In January 2013, the company says, it reached a new record with 70 million unique users, and in an interview after the earnings hit, CEO Spencer Rascoff stressed that mobile is now also a large driver of the company’s revenue growth. As for Zillow’s recent emphasis on rentals, Rascoff noted that it’s still a relatively small driver of the company’s revenue right now, but he expect this to grow fast.
“This was a breakaway year for Zillow in which we repeatedly delivered record revenue, traffic, and mobile usage as we significantly grew our market share as the category leader. And we’ve had an incredibly strong start to 2014 with another traffic record of nearly 70 million unique users in January,” said Rascoff in today’s announcement.

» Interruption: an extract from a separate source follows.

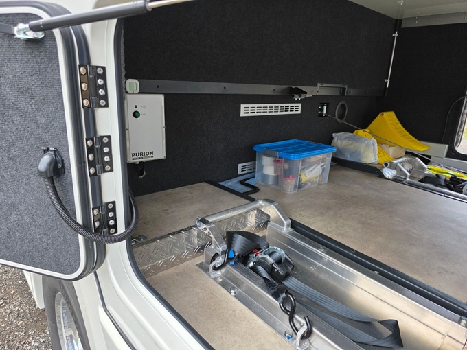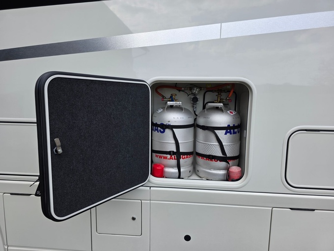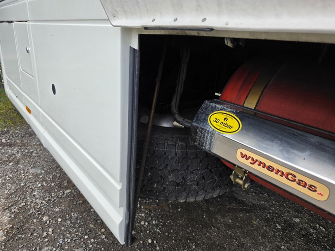 Depósito de agua fresca aprox. 400 litros, depósito de aguas residuales aprox. 300 litros en doble suelo calefactado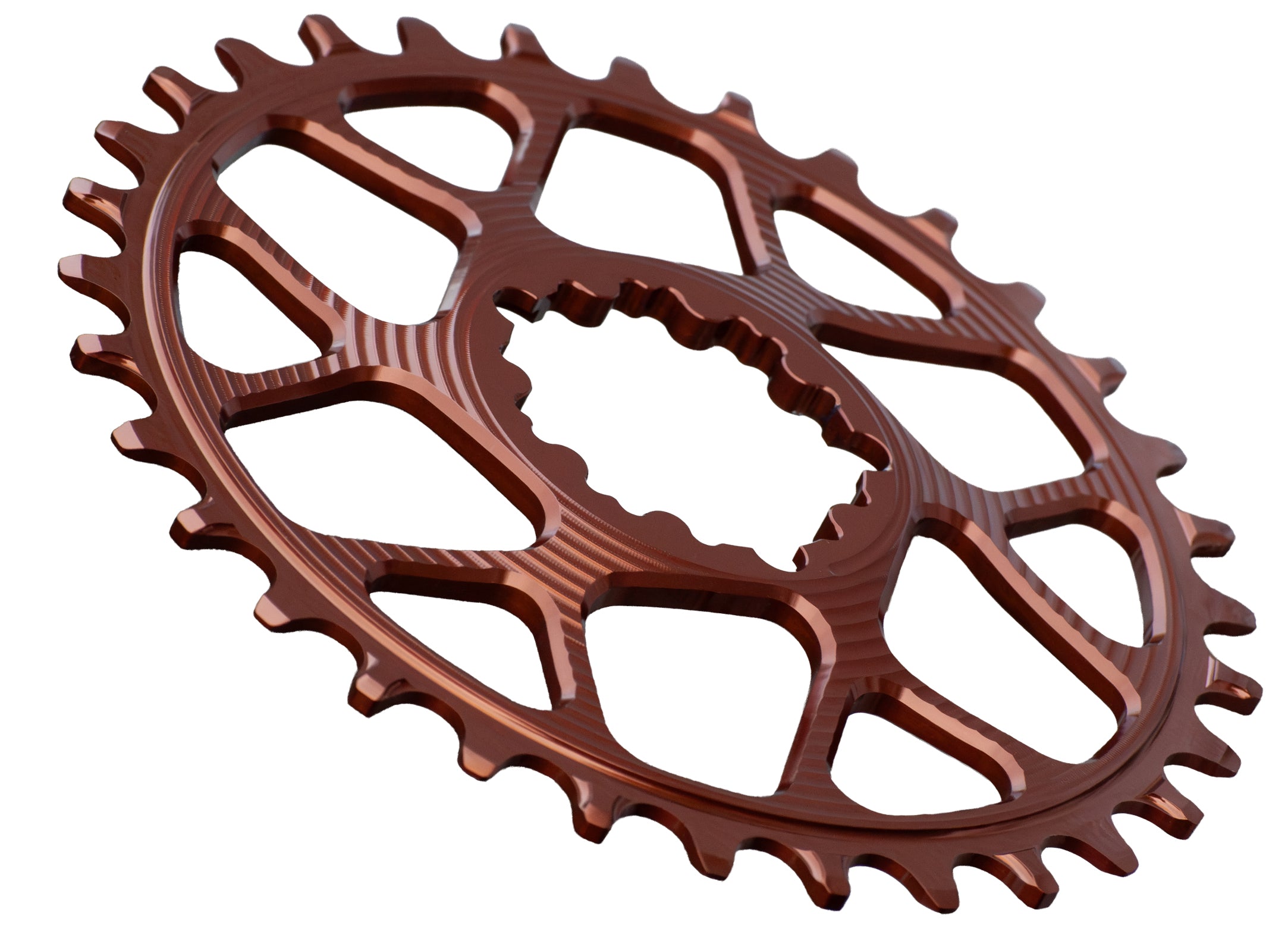 Works Components SRAM 3-bolt direct mount round chainring - engineered to work with T-Type and Non T-Type 10-12spd chains. Precision CNC-machined in the UK from aerospace 7075-T6 aluminium. Its narrow-wide tooth profile ensures excellent chain retention, making it ideal riders seeking long-lasting performance and drivetrain efficiency.

He also stressed that the site is now significantly larger than any of its competitors and that it will continue to invest in growing its audience rapidly.
Besides reporting its earnings today, Zillow also announced that it is relaunching StreetEasy, the New York City-centric real-estate site it acquired for $50 million in August 2013. The service is getting a complete redesign, but maybe even more importantly, it is moving from its current freemium model to a completely free service. Previously, StreetEasy users had to pay $10 per month for access to advanced search features and information like recorded sales information, property records and real-time email alerts for new properties.
Now, the service is making all of its tools available without the previous paywall. This is pretty much in line with how Zillow itself operates, too, so this move doesn’t come as a major surprise. Rascoff also noted that Zillow considers itself to be a media company, so the more eyeballs it can get on its content, the better it is for its bottom line.
Given StreetEasy’s popularity in the New York market, the company has clearly decided to keep the brand itself going too, similarly to what it’s been doing with Postlets.